Alan Jacobs worries that the fast pace of the blogosphere is discouraging writers from doing their homework and really understanding the issues they’re writing about:
[O]ne of the most reliable ways to sharpen your own thinking is to find out what other smart people have thought and said about the things you’re interested in — that is, to take the time to read. But the content-hungry world of online publishing creates strong disincentives for writers to take that time. Almost every entity that has an online presence wants to publish as frequently as possible — as long as the quality of the writing is adequate. And often “adequacy” is determined by purely stylistic criteria: a basic level of clarity and, when possible, some vividness of style. That the writer may be saying something indistinguishable from what a dozen or a hundred writers have said before is rarely a matter of editorial concern. Get the content out there!

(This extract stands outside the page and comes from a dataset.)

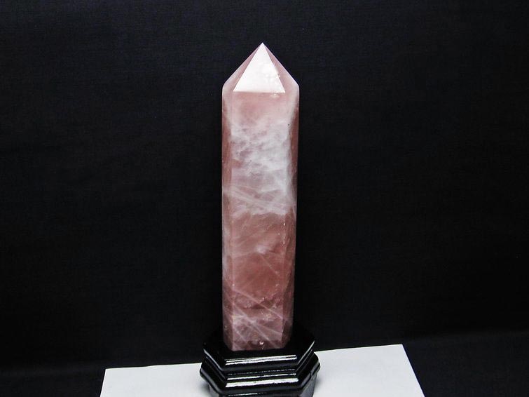 - 1.7Kg ローズクォーツ ポイント 六角柱 台座付属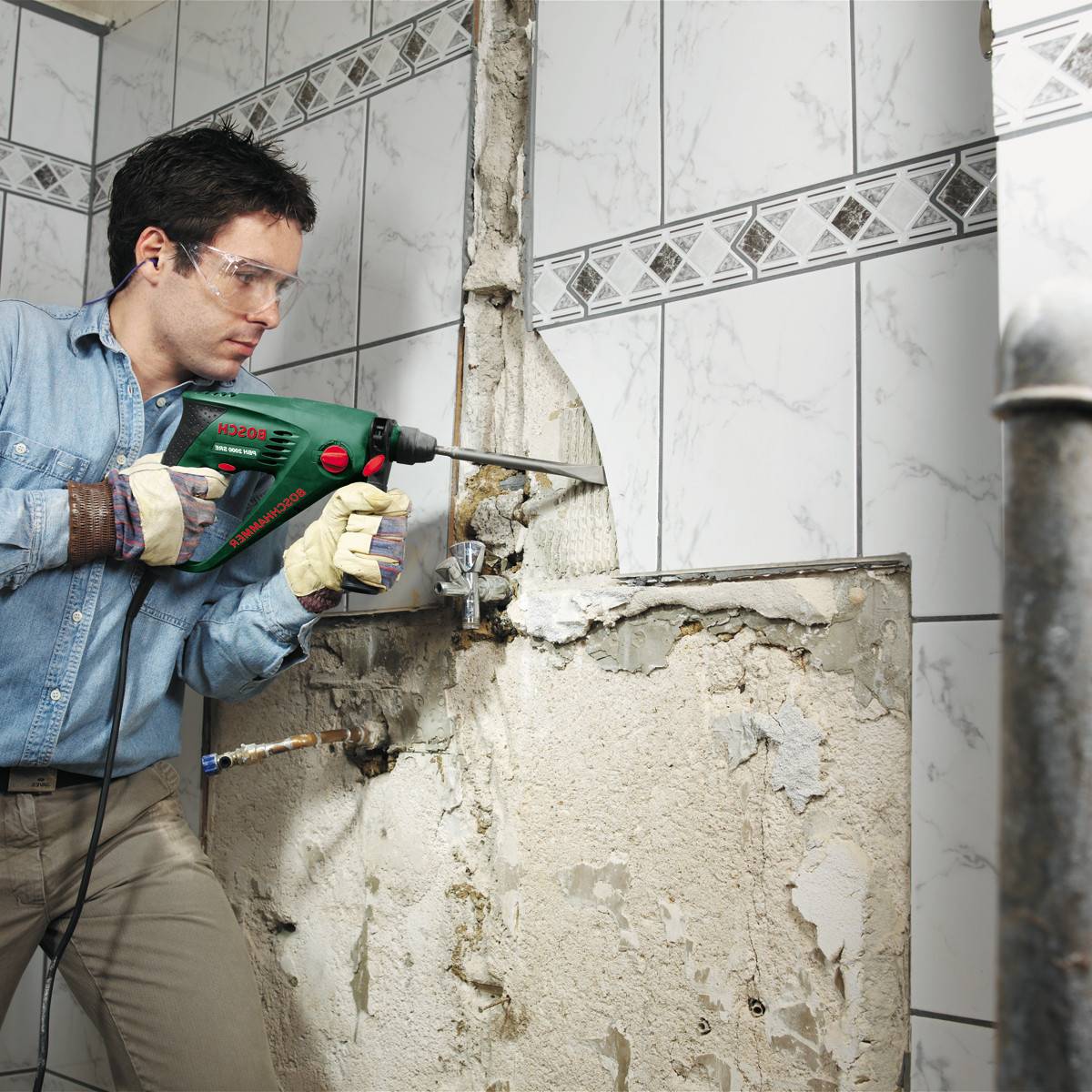 Начинать демонтаж нужно с крайней плитки, загоняя стамеску под основание размягченного раствора. Таким способом можно сберечь старую плитку и использовать ее вторично. Для более быстрой подготовки стен без необходимости сохранять кафель используется перфоратор с долотом. После проведения таких работ стены ванной необходимо зачистить наждачной бумагой, тщательно промыть влажной тряпкой.

Tim Parks observes the same obsession with publishing among fiction writers:
Every year, I teach creative writing to just a couple of students. These are people in their mid-twenties in a British post-graduate course who come to me in Italy as part of an exchange program. The prospect of publication, the urgent need, as they see it, to publish as soon as possible, colors everything they do. Often they will drop an interesting line of exploration, something they have been working on, because they feel compelled to produce something that looks more “publishable,” which is to say, commercial. It will be hard for those who have never suffered this obsession to appreciate how all-conditioning and all-consuming it can be. These ambitious young people set deadlines for themselves. When the deadlines aren’t met their self-esteem plummets; a growing bitterness with the crassness of modern culture and the mercenary nature, as they perceive it, of publishers and editors barely disguises a crushing sense of personal failure.